Утомленные солнцем. Культурной беседой. На самом деле, влиятельный когда-то и культурнейший из символистов, Вяч.Иванов искал расположения соррентинского отшельника по весьма прозаической причине. По той самой причине, по которой искали его расположения многие писатели эмиграции. Зато другие, как Марина Цветаева, вдруг немотивированно отказывались от встречи с ним. Когда Ходасевич в Праге пытался познакомить страшно нуждавшуюся Цветаеву с Горьким, намекая, что это знакомство может быть ей полезным, Цветаева отказалась. Из гордости. Понимая, каким влиянием обладает эта фигура. В то же время Цветаева была благодарна Горькому за помощь ее сестре Анастасии.
Дело в том, что Горький продолжал оставаться «мостом» между эмиграцией и СССР. И те, кто хотел вернуться домой, понимали, что проще (да и «чище») это сделать через посредничество Горького.
В частности, Вяч.Иванов просил Горького о содействии в решении финансового вопроса: чтобы продлили командировку в Италию от Наркомпроса, организованную Луначарским, и продолжали посылать денежное обеспечение. И Горький немедленно бросился «хлопотать». Он «хлопотал» о многих. Как в России в 1917—1921 годах, так и в «эмиграции».
Итак, фактически считать его эмигрантом нельзя. Это был затяжной, вынужденный отъезд, во время которого Горький не только лечился и писал классические вещи, но и пытался проводить сложную и хитроумную (как он себе представлял) политику по сближению эмиграции и метрополии. Но не так, как А.Н.Толстой, скомпрометировавший себя изданием газеты «Накануне». И уж конечно не так, как муж Марины Цветаевой Сергей Эфрон, завербованный НКВД и впоследствии погубивший не только самого себя, но и свою семью. Горький был слишком умен да и амбициозен для этого. И вообще Горький был Горький. Единственный и неповторимый.
Но это же стало и причиной глубокой внутренней драмы. Художник Павел Корин, посетивший Горького в Сорренто и написавший, возможно, лучший его портрет, гениально «схватил» это. Да, на его картине Горький возвышается над Везувием (так построена перспектива), что можно счесть обычной художнической комплиментарностью.
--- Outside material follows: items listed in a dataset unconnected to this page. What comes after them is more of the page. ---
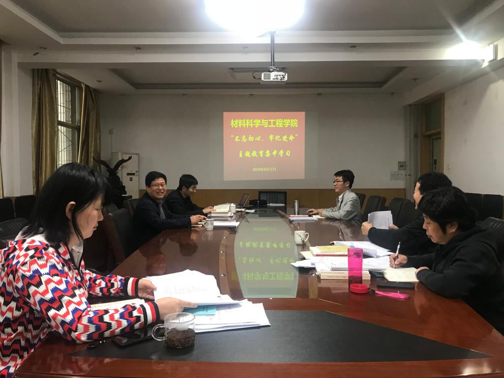 9月17日下午,材料科学与工程学院党委在学院会议室开展“不忘初心、牢记使命”主题教育读书班第一次集中学习,学院副处级以上领导干部参加了集中学习。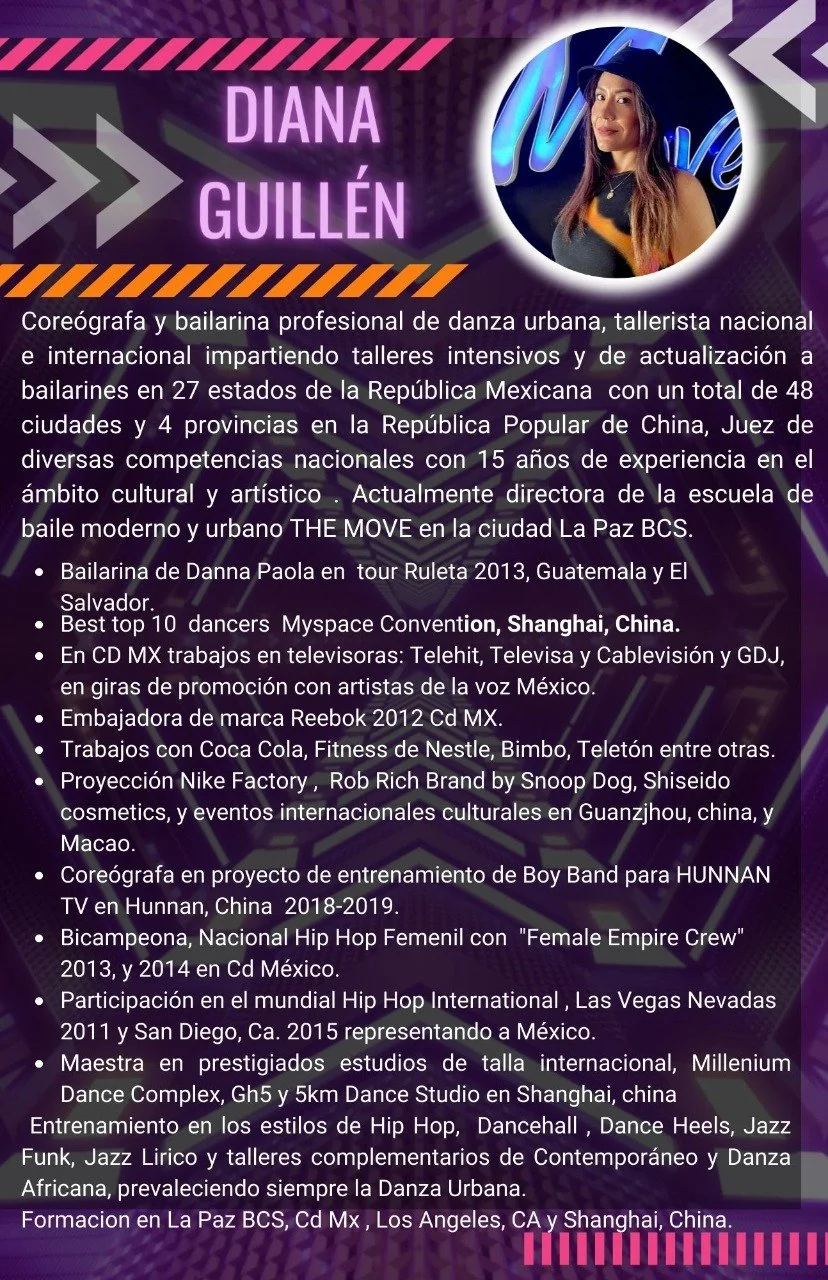 With the purpose of creating a network of workshops that enrich urban culture and test body and dance skills, this *Urban Dance Workshop* is for all the people of Todos Santos who enjoy dancing and learning from new experiences. Our mission is to promote recreational activities that promote leisure time in the people of the community and take advantage of it by developing different activities and disciplines that allow them to learn and work both in mind and body.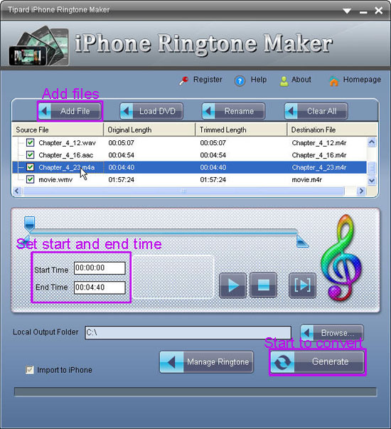 Finally, start to convert the iPhone ringtone by click the "Generate" button.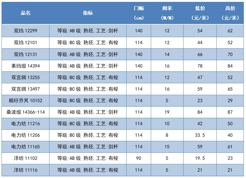 本周綢緞指數(shù)協(xié)作單位成交價格區(qū)間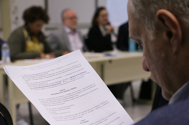 O presidente da comissão, Diogo Félix, apresentou um breve relato sobre o trabalho da comissão. Desde setembro de 2022, o grupo se debruça sobre a temática de festas. “Estudamos regulamentações de outras universidades, e cabe ressaltar que mais de 80% não possui, porque as festas são proibidas na maioria das instituições”.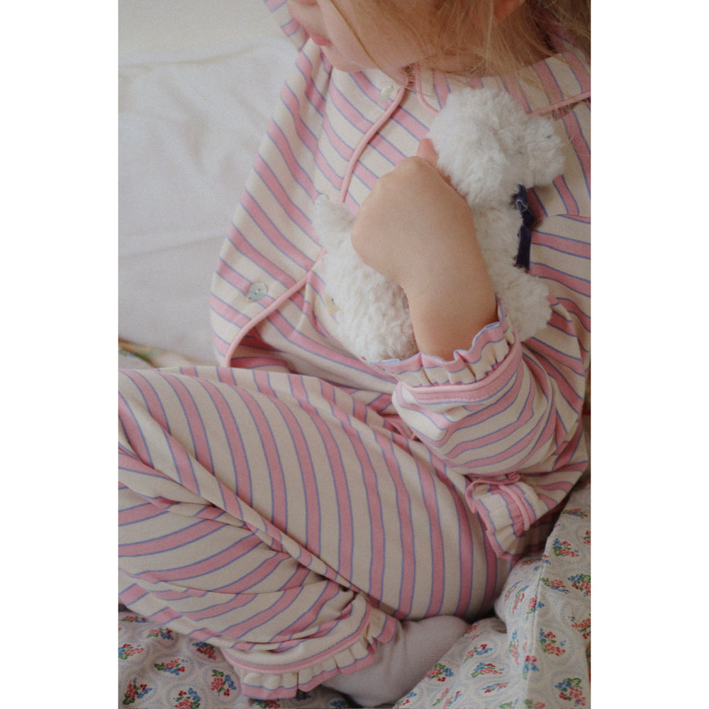 Introduce your little one to the comfy charm of Konges Sløjd Lolly Stripe Pio Frill Set, ideal for leisurely days indoors. This delightful night set, featuring a classic pajama shirt paired with soft pants adorned with frill detailing, is crafted from 100% organic cotton, ensuring utmost comfort. With its soothing stripe pattern and gentle fabric certified by GOTS (CU1094701), it combines style, sustainability, and easy care for everyday wear. Perfect for all cozy occasions, this set promises both comfort and chicness in children's loungewear. Materials: 100% Organic Cotton Certifications: GOTS ORGANIC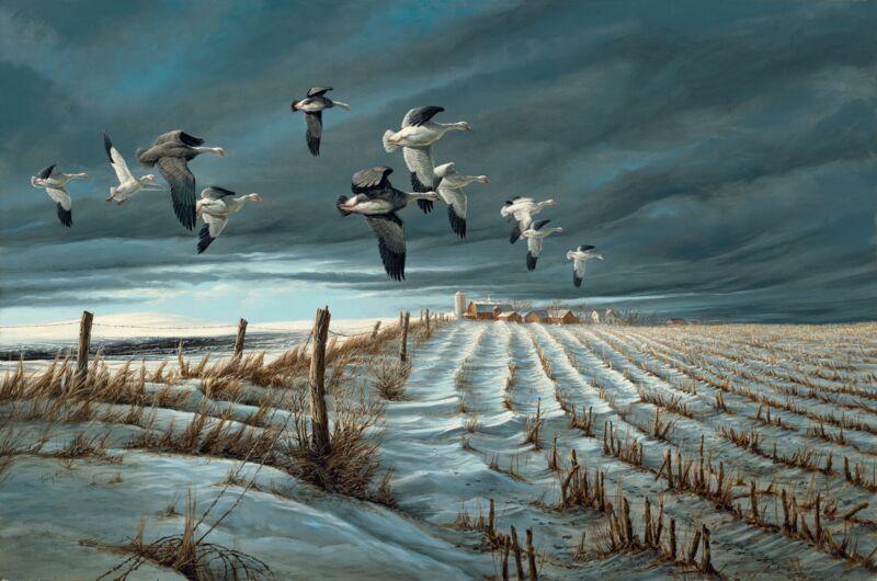 “Snow geese, dramatically contrasted against a dark and foreboding sky, fly over...

Но как он одинок в своей громадности! Как очевидно неуютно ему на этой скале! Старый Сокол, доживший до крушения своих самых заветных иллюзий и не способный расправить крылья, но понимающий, что бросаться со скалы вниз головой – глупость. Мудрый беспомощный старик, обремененный «семьей» и осаждаемый просителями. Нет, сил в нем еще достаточно. Но опоры уже нет. Только вот эта толстая палка, помогавшая ему еще в его ранних странствиях. Так бы и бил этой палкой по башке всех, кто не понимает, что Человек – «это звучит гордо!»
Возможно, такой (или похожий) взгляд был у Махатмы Ганди в конце сороковых годов, перед тем как его застрелил на улице индусский националист. Тогда, после мировой войны, рушились его главные идеалы, которыми он, говоря словами Толстого, «заразил» индийский народ. Тогда вновь вспыхнул национализм, и великий Ганди оказался «недостаточно» индусом. Как он страдал, видя, что в пламени возбужденных страстей горит то, что он кропотливо созидал всю жизнь, – его идеология «непротивления»!
Но простой народ назвал его Махатмой, что означает «великая душа». Для простых индусов, не для теоретиков национализма, он был почти богом. И до сих пор, подходя к месту его сожжения, надо задолго снимать обувь и идти босиком, как входишь в индусский храм.